───── Dataset content ─────
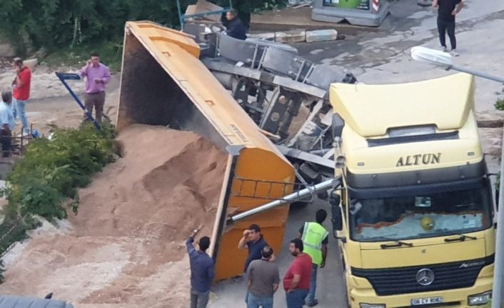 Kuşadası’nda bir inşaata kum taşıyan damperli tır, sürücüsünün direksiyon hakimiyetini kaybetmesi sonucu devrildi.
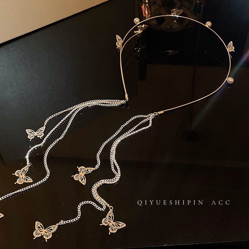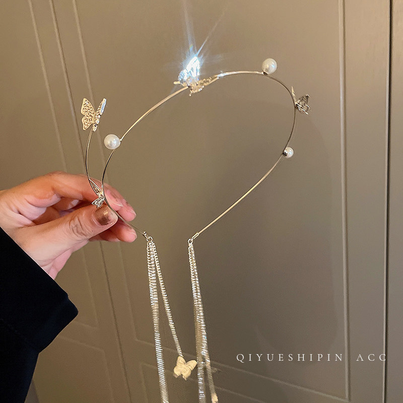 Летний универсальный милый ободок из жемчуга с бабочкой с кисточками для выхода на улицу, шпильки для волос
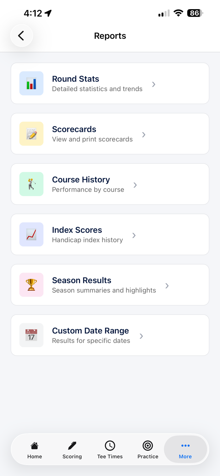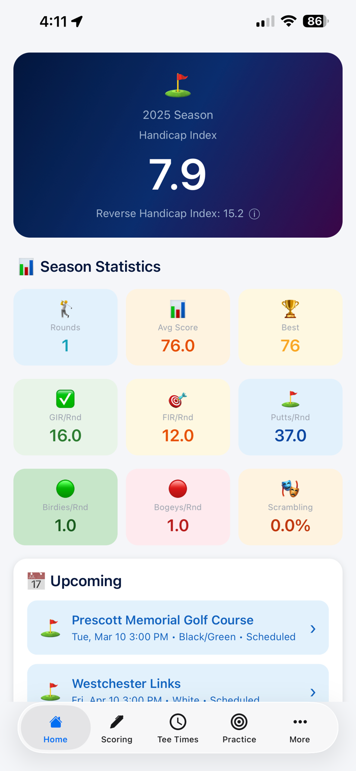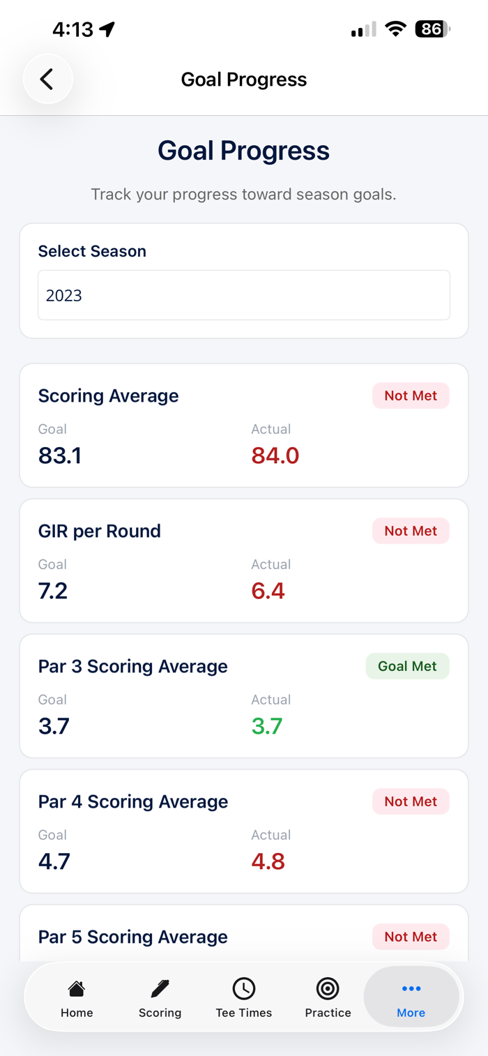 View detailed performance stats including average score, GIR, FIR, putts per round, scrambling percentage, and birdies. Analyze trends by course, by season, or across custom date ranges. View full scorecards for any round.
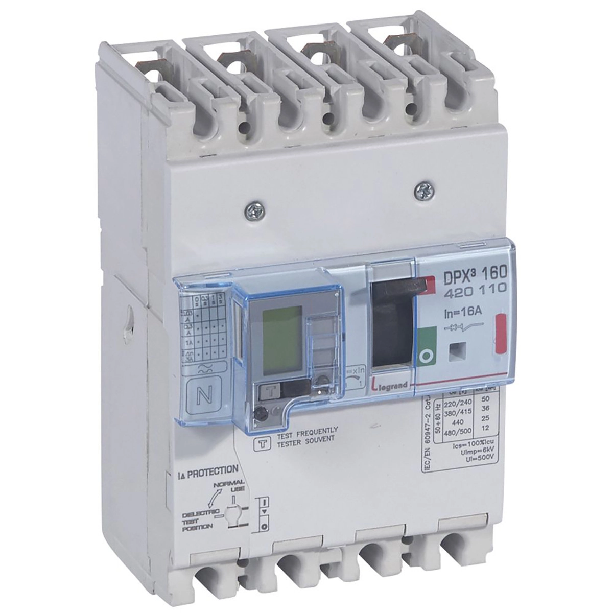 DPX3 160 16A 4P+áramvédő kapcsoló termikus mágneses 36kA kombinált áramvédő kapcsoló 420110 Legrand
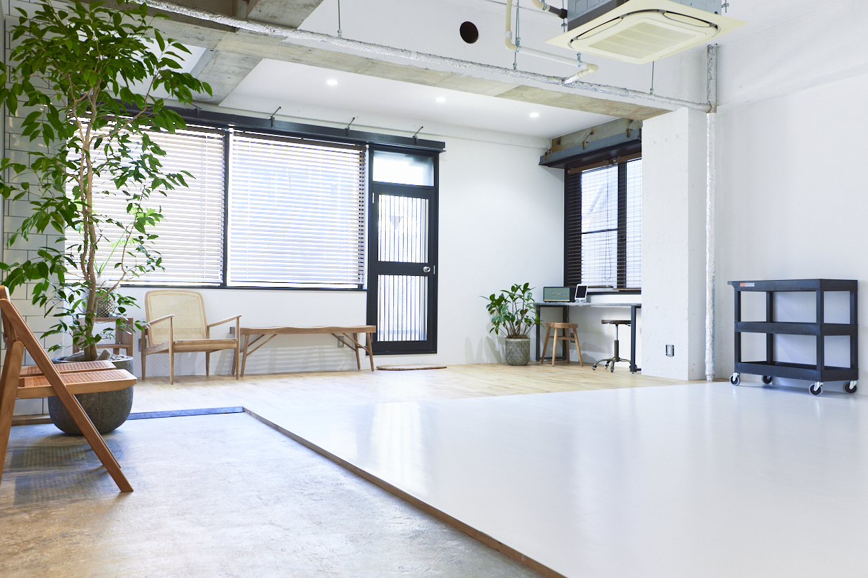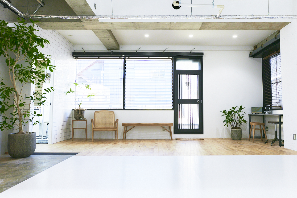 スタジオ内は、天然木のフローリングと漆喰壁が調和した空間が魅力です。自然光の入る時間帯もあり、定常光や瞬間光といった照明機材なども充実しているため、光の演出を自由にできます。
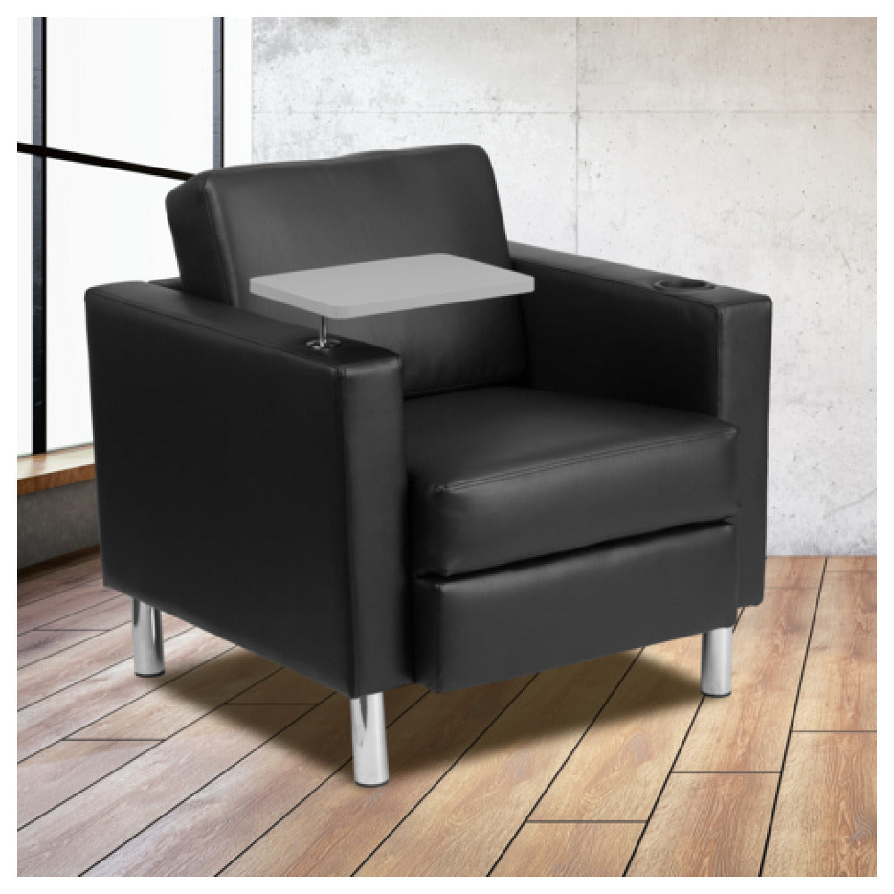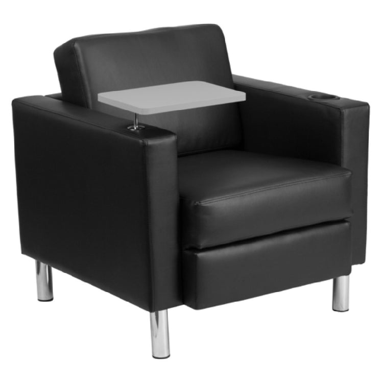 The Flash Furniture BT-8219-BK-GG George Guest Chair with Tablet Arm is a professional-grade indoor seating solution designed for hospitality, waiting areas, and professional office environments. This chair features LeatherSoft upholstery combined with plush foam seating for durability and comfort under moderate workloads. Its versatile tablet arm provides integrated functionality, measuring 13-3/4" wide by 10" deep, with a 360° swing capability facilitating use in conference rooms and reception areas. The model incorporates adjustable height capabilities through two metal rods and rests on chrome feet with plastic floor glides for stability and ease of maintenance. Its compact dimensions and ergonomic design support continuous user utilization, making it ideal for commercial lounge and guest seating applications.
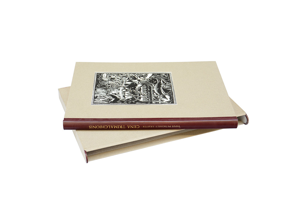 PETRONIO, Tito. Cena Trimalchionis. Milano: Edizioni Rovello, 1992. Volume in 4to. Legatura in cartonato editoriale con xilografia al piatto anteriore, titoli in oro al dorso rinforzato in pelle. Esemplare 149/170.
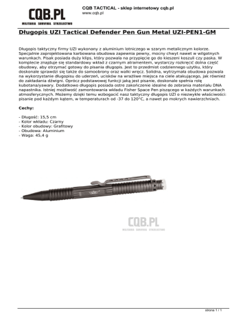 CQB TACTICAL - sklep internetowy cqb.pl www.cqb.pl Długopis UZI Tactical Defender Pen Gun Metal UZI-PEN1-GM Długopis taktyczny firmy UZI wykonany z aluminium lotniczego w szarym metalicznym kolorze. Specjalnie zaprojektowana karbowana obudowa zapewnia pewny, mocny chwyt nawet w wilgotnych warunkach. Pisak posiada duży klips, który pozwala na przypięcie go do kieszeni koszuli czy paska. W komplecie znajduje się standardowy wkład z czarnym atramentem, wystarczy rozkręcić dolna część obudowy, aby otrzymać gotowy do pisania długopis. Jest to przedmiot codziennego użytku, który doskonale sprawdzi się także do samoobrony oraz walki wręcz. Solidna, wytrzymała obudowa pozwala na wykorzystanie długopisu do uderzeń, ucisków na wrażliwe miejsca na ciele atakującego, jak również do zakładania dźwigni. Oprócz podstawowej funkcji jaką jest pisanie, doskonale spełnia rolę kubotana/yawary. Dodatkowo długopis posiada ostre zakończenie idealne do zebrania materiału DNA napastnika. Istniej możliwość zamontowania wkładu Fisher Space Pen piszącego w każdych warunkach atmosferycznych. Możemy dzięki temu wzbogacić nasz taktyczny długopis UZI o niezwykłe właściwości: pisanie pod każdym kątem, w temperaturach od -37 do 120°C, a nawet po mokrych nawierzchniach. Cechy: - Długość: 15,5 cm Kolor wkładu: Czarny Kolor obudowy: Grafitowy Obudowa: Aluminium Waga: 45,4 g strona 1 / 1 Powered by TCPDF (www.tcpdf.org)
─────
[Exercise]
A verbatim copy of the records above, without pictures, is required.

[Solution to this exercise]
 Kuşadası’nda bir inşaata kum taşıyan damperli tır, sürücüsünün direksiyon hakimiyetini kaybetmesi sonucu devrildi.
 Летний универсальный милый ободок из жемчуга с бабочкой с кисточками для выхода на улицу, шпильки для волос
 View detailed performance stats including average score, GIR, FIR, putts per round, scrambling percentage, and birdies. Analyze trends by course, by season, or across custom date ranges. View full scorecards for any round.
 DPX3 160 16A 4P+áramvédő kapcsoló termikus mágneses 36kA kombinált áramvédő kapcsoló 420110 Legrand
 スタジオ内は、天然木のフローリングと漆喰壁が調和した空間が魅力です。自然光の入る時間帯もあり、定常光や瞬間光といった照明機材なども充実しているため、光の演出を自由にできます。
 The Flash Furniture BT-8219-BK-GG George Guest Chair with Tablet Arm is a professional-grade indoor seating solution designed for hospitality, waiting areas, and professional office environments. This chair features LeatherSoft upholstery combined with plush foam seating for durability and comfort under moderate workloads. Its versatile tablet arm provides integrated functionality, measuring 13-3/4" wide by 10" deep, with a 360° swing capability facilitating use in conference rooms and reception areas. The model incorporates adjustable height capabilities through two metal rods and rests on chrome feet with plastic floor glides for stability and ease of maintenance. Its compact dimensions and ergonomic design support continuous user utilization, making it ideal for commercial lounge and guest seating applications.
 PETRONIO, Tito. Cena Trimalchionis. Milano: Edizioni Rovello, 1992. Volume in 4to. Legatura in cartonato editoriale con xilografia al piatto anteriore, titoli in oro al dorso rinforzato in pelle. Esemplare 149/170.
 CQB TACTICAL - sklep internetowy cqb.pl www.cqb.pl Długopis UZI Tactical Defender Pen Gun Metal UZI-PEN1-GM Długopis taktyczny firmy UZI wykonany z aluminium lotniczego w szarym metalicznym kolorze. Specjalnie zaprojektowana karbowana obudowa zapewnia pewny, mocny chwyt nawet w wilgotnych warunkach. Pisak posiada duży klips, który pozwala na przypięcie go do kieszeni koszuli czy paska. W komplecie znajduje się standardowy wkład z czarnym atramentem, wystarczy rozkręcić dolna część obudowy, aby otrzymać gotowy do pisania długopis. Jest to przedmiot codziennego użytku, który doskonale sprawdzi się także do samoobrony oraz walki wręcz. Solidna, wytrzymała obudowa pozwala na wykorzystanie długopisu do uderzeń, ucisków na wrażliwe miejsca na ciele atakującego, jak również do zakładania dźwigni. Oprócz podstawowej funkcji jaką jest pisanie, doskonale spełnia rolę kubotana/yawary. Dodatkowo długopis posiada ostre zakończenie idealne do zebrania materiału DNA napastnika. Istniej możliwość zamontowania wkładu Fisher Space Pen piszącego w każdych warunkach atmosferycznych. Możemy dzięki temu wzbogacić nasz taktyczny długopis UZI o niezwykłe właściwości: pisanie pod każdym kątem, w temperaturach od -37 do 120°C, a nawet po mokrych nawierzchniach. Cechy: - Długość: 15,5 cm Kolor wkładu: Czarny Kolor obudowy: Grafitowy Obudowa: Aluminium Waga: 45,4 g strona 1 / 1 Powered by TCPDF (www.tcpdf.org)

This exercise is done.